Kadang kita kurang menyadari bahwa sindrom “asal bukan dia” ada di sekitar kita, atau barangkali kita pun memilikinya. Di gereja, ketika kita tidak bisa bekerja sama dengan seseorang, kita mencoba berbagai cara untuk menolak karyanya. Kita tidak memberi kesempatan baginya untuk melayani lebih baik lagi. Bayangkan apa jadinya? Persekutuan kita bukan hanya renggang, tapi juga berantakan, sebab kita tidak hidup lagi dalam kasih. Kita tidak bisa melihat kebaikan orang tersebut apalagi mengakui kemampuannya. Aura persaingan dan permusuhan muncul ke permukaan karena kita takut kalau orang-orang menyukai karyanya. Kita menjadi terobsesi untuk menghancurkannya, menyebarkan gosip dan tuduhan tak mendasar kepadanya. Akhirnya, persekutuan menjadi terpecah dua antara kelompok yang mendukung atau menolak dia. Berbahaya bukan sindrom ini?

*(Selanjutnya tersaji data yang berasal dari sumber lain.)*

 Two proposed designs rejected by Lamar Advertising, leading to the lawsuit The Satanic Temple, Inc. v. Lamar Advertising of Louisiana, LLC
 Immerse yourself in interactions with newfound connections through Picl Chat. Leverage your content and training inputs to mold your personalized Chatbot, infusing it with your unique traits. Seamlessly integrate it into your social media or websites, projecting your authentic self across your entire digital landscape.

Bayangkan pula apabila sindrom ini pun masuk dalam dunia politik atau pemerintahan. Sindrom ini bukan hanya menghancurkan tatanan pemerintahan, tetapi yang paling rugi atau terkena dampak negatifnya adalah seluruh rakyat. Para politikus misalnya akan memakai berbagai cara, mulai dari menebarkan berita negatif, membentuk opini masyarakat bahwa lawan politiknya melakukan kesalahan, sampai membawa ke pengadilan. Suara-suara “penistaan agama”, “jangan pilih pemimpin yang kafir,” dan sebagainya menjadi contoh dari sindrom ini telah merasuk dunia perpolitikan kita.

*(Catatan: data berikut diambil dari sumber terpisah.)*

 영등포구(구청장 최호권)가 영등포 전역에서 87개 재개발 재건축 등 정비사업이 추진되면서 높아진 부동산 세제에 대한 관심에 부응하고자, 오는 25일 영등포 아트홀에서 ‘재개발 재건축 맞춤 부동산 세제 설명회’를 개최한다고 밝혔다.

Hari ini kita diajak untuk mengenali bahaya sindrom “asal bukan dia.” Apabila kita sedang terjangkit sindrom ini, segeralah minta Tuhan menolong memurnikan hati kita dari segala kebencian dan takut akan keberhasilan orang lain. Sebaliknya, marilah kita belajar mengakui dan menghormati karya dan kerja keras orang lain. Jauhkanlah kiranya sindrom “asal bukan dia” dari diri kita.